[Wikimedia-l] Disinformation regarding perfect forward secrecy for HTTPS

Marc A. Pelletier marc at uberbox.org
Fri Aug 2 22:30:37 UTC 2013


On 08/02/2013 05:50 PM, Matthew Flaschen wrote:
> It seems from the context "better tested" meant something like "people
> are using this in practice in real environments", not only automated
> testing.

And, indeed, given the constraints and objectives of the Tool Labs
(i.e.: no secrecy, all open source and data, high reliability), the more
important concern is "tested to be robust"; I'd deviate from
distribution packaging in the case where a security issue could lead to
escalation, but concerns about data leaks are not an issue.

And whilst I am not a cryptography expert (depending, I suppose, how to
define "expert") I happen to be very well versed in security protocol
design and zero-information analysis (but lack the math acument for
cryptography proper so I have to trust the Blums and Shamirs of this
world at their word).

For what concerns us here in traffic analysis, TLS is almost entirely
worthless *on its own*.  It is a necessary step, and has a great number
of /other/ benefits that justify its deployment without having anything
to do with the NSA's snooping.  I was not making an argument against it.

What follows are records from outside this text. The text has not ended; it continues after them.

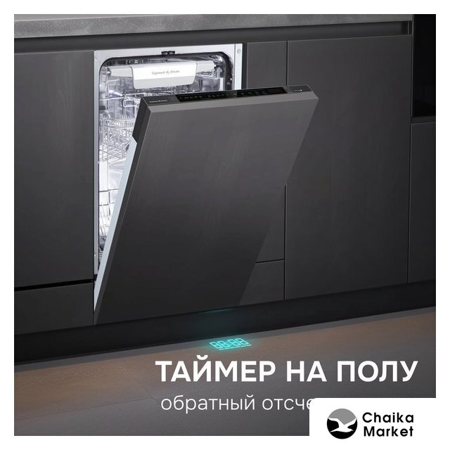 загрузка на 14 комплектов посуды, сенсорное управление, 7 программ, 59.6x55x82 см, черный цвет, сушка: с открыванием дверцы, индикация на полу: луч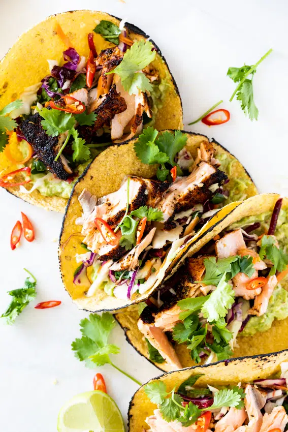 Tacos are incredibly versatile and the fillings are completely up to you. Classics like salsa, pico de Gallo or guacamole are obvious choices but avocado crema, cotija cheese and my delicious corn salsa recipe will all be delicious with this salmon tacos recipe.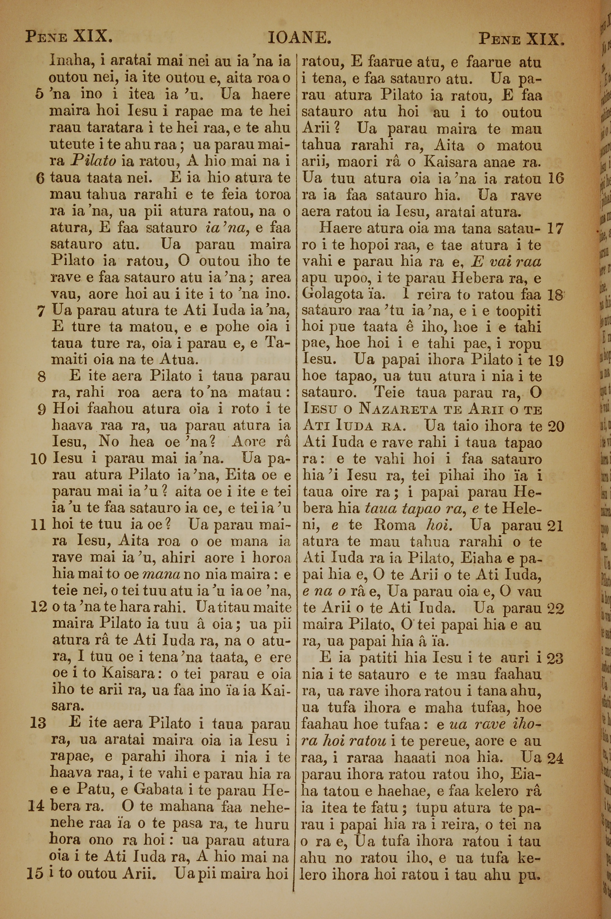 1853年塔希提語新約全書 約翰福音 19 章 5 節到 19 章 24 節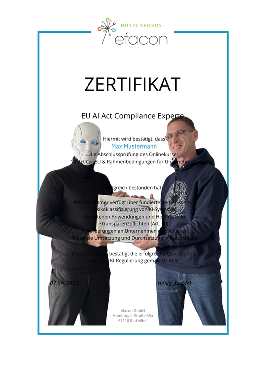 Master-Kurs: AI Act der EU (in der efacon-Akademie) inkl. ZERTIFIKAT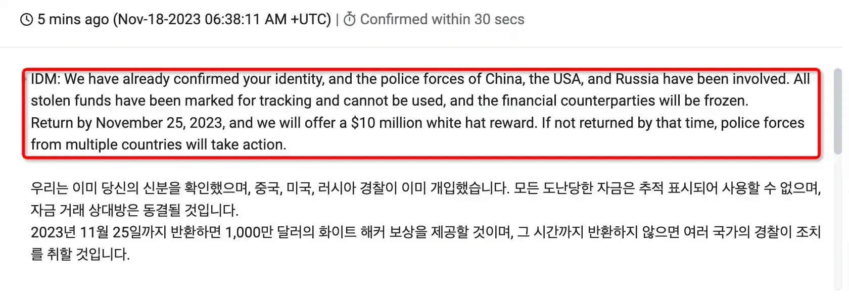 11 月 18 日,派盾 PeckShield 发文表示,Poloniex 被盗事件在跟踪方面似乎取得了有希望的进展,Justin Sun 在链上留言表示: 「我们已经确认了你的身份,中国、美国和俄罗斯的警察都已经介入。所有被盗资金都已被标记且不能使用,交易对手将被冻结。2023 年 11 月 25 日前归还资产,我们将提供 1000 万美元的白帽奖励。如果届时没有返回,来自多个国家的警察将采取行动。」
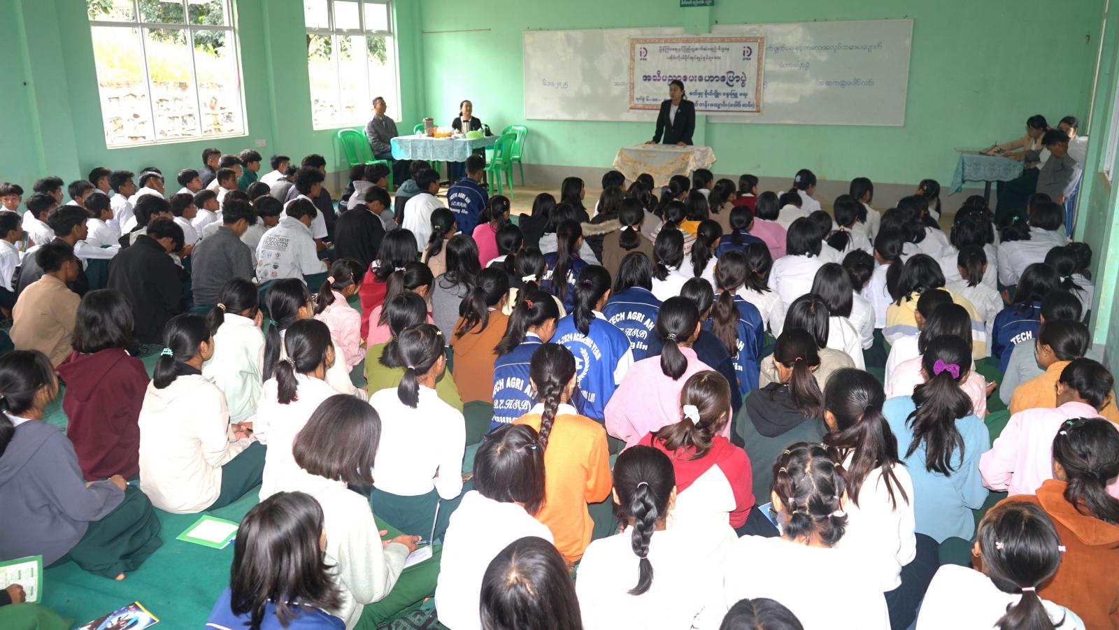 ဆက်လက်၍ မြို့နယ်ပတ်ဝန်းကျင်ထိန်းသိမ်းရေးဦးစီးဌာန ဒုတိယဦးစီးမှူး ဦးသန်းထိုက်စိုးက ကျောင်းသား၊ ကျောင်းသူများအား ရေချိုသယံဇာတအကြောင်း သိကောင်းစရာများ၊ မီးခိုးမြူငွေ့ဖြစ်ပေါ်သည့် အဓိကအကြောင်းရင်းများ၊ မီးခိုးမြူငွေ့များတွင်ပါဝင်သော လေထုညစ်ညမ်းစေသည့်အရာများ၊ မီးခိုးမြူငွေ့များကြောင့် လေထုညစ်ညမ်း၍ ဖြစ်ပွားစေနိုင်သော ဆိုးကျိုးများနှင့် မီးခိုးမြူငွေ့ညစ်ညမ်းမှုလျှော့ချရေး လုပ်ငန်းစဉ်များကို အသိပညာပေးဟောပြောခဲ့ကြောင်း သိရသည်။

What I /am/ saying, OTOH, is that random padding without (at least)
pipelining and placards *is* worthless to protect against traffic
analysis since any reliable method to do it would be necessarily robust
against deviation in size.  Given that it has a cost to implement and
maintain, and consumes resources, it would be counterproductive to do
that.  It would give false reassurance of higher security without
actually bringing any security benefit.  I.e.: theatre.